Interpreting R-squared and RMSE
R-squared (the coefficient of determination) tells you the fraction of the total variance in y that the fitted polynomial accounts for. An R-squared of 0.95 means 95% of the variation is explained. However, R-squared always increases or stays the same when you add more terms, even if those terms are not meaningful. Adjusted R-squared corrects for this by penalising degrees of freedom used by extra coefficients; it can decrease if an added term does not improve fit enough. RMSE (root mean square error) is the square root of the average squared residual and is in the same units as y. It tells you the typical prediction error of the model on the training data. Use RMSE alongside R-squared for a full picture of fit quality.
Polynomial Degree Guide
| Degree | Name | Equation form | Typical use |
|---|---|---|---|
| 1 | Linear | y = a0 + a1*x | Straight-line trends, proportional relationships |
| 2 | Quadratic | y = a0 + a1*x + a2*x^2 | Parabolic shapes, projectile motion, cost curves |
| 3 | Cubic | y = a0 + ... + a3*x^3 | S-shaped growth, economic cycles |
| 4 | Quartic | y = a0 + ... + a4*x^4 | Double-hump distributions, complex oscillations |
| 5 | Quintic | y = a0 + ... + a5*x^5 | High-precision curve matching, engineering splines |
| 6 | Sextic | y = a0 + ... + a6*x^6 | Very complex curves; use sparingly to avoid overfitting |
Typical uses for each polynomial degree in regression analysis.
Frequently asked questions
How many data points do I need?
You need at least (degree + 1) points to fit a polynomial of that degree: 2 points for degree 1, 3 for degree 2, and so on. In practice, you want considerably more than the minimum for a statistically meaningful fit. As a rough guide, aim for at least 5 times (degree + 1) data points before trusting R-squared values.
What format should my data be in?
Enter one (x, y) pair per line. Separate x and y with a comma, a space, or a tab. For example: "1, 2.5" or "1 2.5". Lines with missing or non-numeric values are ignored automatically, so you can paste directly from a spreadsheet.
Why is my R-squared perfect (1.0) but the fit looks wrong?
If the number of data points equals the polynomial degree plus one, the polynomial passes exactly through every point and R-squared is exactly 1. This is interpolation, not regression. For a meaningful fit that generalises to new data, use substantially more points than the degree requires.
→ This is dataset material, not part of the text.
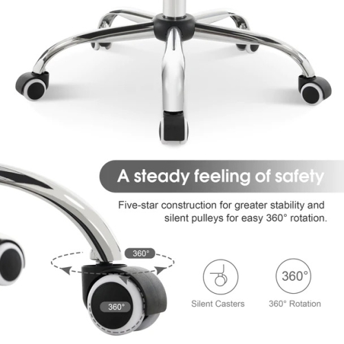 - Smooth Rolling & Sturdy Base: The chair uses sturdy metal five-star leg base, ensuring stability and safety when sitting on, and the maximum weight capacity up to 250LBS. The universal casters are quiet, and can move smoothly on the floor so that you can devote yourself to manicure work.

When should I increase the polynomial degree?
Increase the degree if the residuals (observed minus fitted) show a clear systematic pattern, such as a curve or wave shape. A random scatter of residuals around zero indicates a good fit at the current degree. Increasing the degree when residuals are already random will overfit the data.
Can I use this for extrapolation beyond my data range?
You can enter any x-value in the prediction field and get a y-value, but extrapolation beyond the data range is unreliable for high-degree polynomials. Polynomials can diverge rapidly outside the fitted range. If extrapolation is important, use the lowest degree that fits well or consider a mechanistic model based on the underlying process.
What is the difference between R-squared and adjusted R-squared?
R-squared always increases (or stays the same) when you add a polynomial term, even if that term does not help. Adjusted R-squared adjusts for the number of terms and can decrease if a new term does not improve fit proportionally. When comparing models of different degrees, use adjusted R-squared: the degree with the highest adjusted R-squared is generally the best choice.